Unix and OSS used to be the rebellion. What happened
Malicious compliance of having the OS accept an arbitrary date and report that for verification purposes seems good to me.
I'm probably missing something, but I don't think this is as bad or as useless as the article implies. E.g. as a parent I can set up my kids PCs with their age so stuff like app stores know to only serve them age appropriate things to download. It's the minimum to comply with the laws. It doesn't stop anyone owns a machine, but it does provide a useful option to set if you want it.
I'm not a huge fan of this website, I also saw the "Microsoft's "Fix" for Windows 11: Flowers After the Beating" article on the homepage today and I think I saw the original (or was this one updated?) article about age verification in Linux from the same source.

The visualizations are (must be) LLM-generated which really just feels like slop. This and the Windows 11 article seem to be more filling in meandering text around the useless interactive/moving graphics then actually conveying information.

It seems like it's literally just a blog-spam site.

Why didn't systemd reject these changes? Was there an internal debate that the article doesn't cover, or is it the arbitrary decision of other "volunteers"?
As I understand it, anyone with commit permissions can commit a PR, no matter what the community or even other devs think. So, no debate. Just commit and that's it. I don't even remember ever seeing a "block commit" setting or something that would prevent commiting a PR before discussion takes place and "block commit" is lifted.

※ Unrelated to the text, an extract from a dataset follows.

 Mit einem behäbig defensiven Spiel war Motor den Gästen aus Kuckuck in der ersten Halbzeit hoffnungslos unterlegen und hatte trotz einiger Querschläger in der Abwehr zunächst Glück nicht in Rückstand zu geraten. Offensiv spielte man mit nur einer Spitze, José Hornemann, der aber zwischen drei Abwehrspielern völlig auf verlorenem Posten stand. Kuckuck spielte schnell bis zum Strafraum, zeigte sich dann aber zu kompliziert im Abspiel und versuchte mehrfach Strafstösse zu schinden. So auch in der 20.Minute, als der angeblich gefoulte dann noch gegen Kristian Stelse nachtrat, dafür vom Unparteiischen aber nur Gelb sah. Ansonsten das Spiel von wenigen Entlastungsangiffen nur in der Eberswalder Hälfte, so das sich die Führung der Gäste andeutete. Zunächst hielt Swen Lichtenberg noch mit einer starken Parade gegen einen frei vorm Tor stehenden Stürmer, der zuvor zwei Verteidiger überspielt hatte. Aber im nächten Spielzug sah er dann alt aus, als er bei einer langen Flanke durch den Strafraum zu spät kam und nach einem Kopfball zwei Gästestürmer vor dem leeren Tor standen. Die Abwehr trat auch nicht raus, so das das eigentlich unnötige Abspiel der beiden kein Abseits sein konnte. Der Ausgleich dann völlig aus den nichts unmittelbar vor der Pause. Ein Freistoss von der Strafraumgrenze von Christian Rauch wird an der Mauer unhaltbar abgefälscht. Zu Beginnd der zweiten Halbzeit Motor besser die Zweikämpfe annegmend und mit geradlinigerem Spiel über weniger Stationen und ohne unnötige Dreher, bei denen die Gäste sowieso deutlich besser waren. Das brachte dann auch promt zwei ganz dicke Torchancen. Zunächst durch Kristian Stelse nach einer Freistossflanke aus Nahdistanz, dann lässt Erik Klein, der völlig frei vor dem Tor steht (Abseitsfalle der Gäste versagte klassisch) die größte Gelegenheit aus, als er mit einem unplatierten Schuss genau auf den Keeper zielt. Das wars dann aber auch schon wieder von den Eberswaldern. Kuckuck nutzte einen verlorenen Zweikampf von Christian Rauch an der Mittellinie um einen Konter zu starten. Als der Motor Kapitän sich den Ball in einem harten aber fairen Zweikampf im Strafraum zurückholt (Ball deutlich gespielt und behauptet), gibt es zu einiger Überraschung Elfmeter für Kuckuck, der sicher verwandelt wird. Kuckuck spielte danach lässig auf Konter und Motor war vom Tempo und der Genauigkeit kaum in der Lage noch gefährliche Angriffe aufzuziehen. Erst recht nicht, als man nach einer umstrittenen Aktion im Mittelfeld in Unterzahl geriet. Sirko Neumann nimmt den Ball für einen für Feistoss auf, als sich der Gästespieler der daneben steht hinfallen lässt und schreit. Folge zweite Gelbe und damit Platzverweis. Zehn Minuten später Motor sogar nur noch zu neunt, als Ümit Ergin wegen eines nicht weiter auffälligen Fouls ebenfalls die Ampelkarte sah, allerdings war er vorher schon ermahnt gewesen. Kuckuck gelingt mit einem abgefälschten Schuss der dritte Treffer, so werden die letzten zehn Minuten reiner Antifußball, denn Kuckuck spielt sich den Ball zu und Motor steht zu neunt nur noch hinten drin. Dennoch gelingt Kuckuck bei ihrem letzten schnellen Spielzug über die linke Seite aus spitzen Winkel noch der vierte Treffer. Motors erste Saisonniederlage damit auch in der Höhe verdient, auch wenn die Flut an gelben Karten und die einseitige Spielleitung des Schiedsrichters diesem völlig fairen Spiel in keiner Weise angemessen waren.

Anyway, the discussion is pointless. Poettering approved. He probably would have commited the PR himself if he saw it in time.

One minor off-topic comment, I like the quiz at the bottom of the article. It could be neat to have sites implement something like this to discourage people from commenting without reading and absorbing some of what they've read. It seems it would be fairly straightforward to implement with an LLM summary/questions.